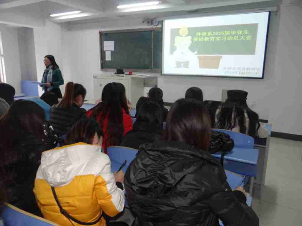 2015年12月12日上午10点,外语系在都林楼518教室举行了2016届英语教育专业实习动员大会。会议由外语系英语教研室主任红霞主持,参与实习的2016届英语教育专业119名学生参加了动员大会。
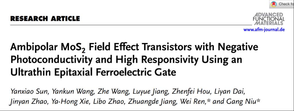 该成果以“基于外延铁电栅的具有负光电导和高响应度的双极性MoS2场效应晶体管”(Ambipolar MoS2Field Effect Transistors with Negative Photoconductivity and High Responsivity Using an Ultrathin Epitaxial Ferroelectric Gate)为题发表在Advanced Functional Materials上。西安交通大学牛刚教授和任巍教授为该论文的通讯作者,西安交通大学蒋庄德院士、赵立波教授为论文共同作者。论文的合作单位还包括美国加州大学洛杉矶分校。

:::

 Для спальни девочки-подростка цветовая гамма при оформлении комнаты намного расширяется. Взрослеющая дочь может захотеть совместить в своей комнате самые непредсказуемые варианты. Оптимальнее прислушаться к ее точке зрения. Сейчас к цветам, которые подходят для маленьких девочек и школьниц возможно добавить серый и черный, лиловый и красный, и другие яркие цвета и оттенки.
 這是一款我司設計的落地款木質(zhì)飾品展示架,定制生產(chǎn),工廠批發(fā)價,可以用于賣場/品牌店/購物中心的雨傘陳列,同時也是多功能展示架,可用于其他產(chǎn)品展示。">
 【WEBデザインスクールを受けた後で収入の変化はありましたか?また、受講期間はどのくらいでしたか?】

:::

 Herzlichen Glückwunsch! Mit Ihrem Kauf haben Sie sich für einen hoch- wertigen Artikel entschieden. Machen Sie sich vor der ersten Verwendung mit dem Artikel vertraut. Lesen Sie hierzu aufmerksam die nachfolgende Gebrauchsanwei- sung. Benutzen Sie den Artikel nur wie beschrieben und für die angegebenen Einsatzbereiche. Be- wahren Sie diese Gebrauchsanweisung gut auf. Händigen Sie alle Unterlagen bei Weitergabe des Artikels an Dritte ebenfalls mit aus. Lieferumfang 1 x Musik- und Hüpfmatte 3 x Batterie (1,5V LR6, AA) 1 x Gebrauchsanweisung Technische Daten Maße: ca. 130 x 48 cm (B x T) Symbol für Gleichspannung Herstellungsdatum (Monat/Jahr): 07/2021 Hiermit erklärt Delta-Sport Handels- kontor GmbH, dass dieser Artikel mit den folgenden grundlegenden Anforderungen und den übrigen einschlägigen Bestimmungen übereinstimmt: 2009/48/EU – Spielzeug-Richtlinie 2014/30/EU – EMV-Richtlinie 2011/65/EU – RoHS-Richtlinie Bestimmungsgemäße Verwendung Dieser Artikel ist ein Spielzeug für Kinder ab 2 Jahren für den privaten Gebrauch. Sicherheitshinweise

:::

### What to produce
Return the material from the line containing "2015年12月12日上午1" through the line containing "MoS2Field Effect Transistors", exactly and in full, but without its pictures.

### Output
 2015年12月12日上午10点,外语系在都林楼518教室举行了2016届英语教育专业实习动员大会。会议由外语系英语教研室主任红霞主持,参与实习的2016届英语教育专业119名学生参加了动员大会。
 该成果以“基于外延铁电栅的具有负光电导和高响应度的双极性MoS2场效应晶体管”(Ambipolar MoS2Field Effect Transistors with Negative Photoconductivity and High Responsivity Using an Ultrathin Epitaxial Ferroelectric Gate)为题发表在Advanced Functional Materials上。西安交通大学牛刚教授和任巍教授为该论文的通讯作者,西安交通大学蒋庄德院士、赵立波教授为论文共同作者。论文的合作单位还包括美国加州大学洛杉矶分校。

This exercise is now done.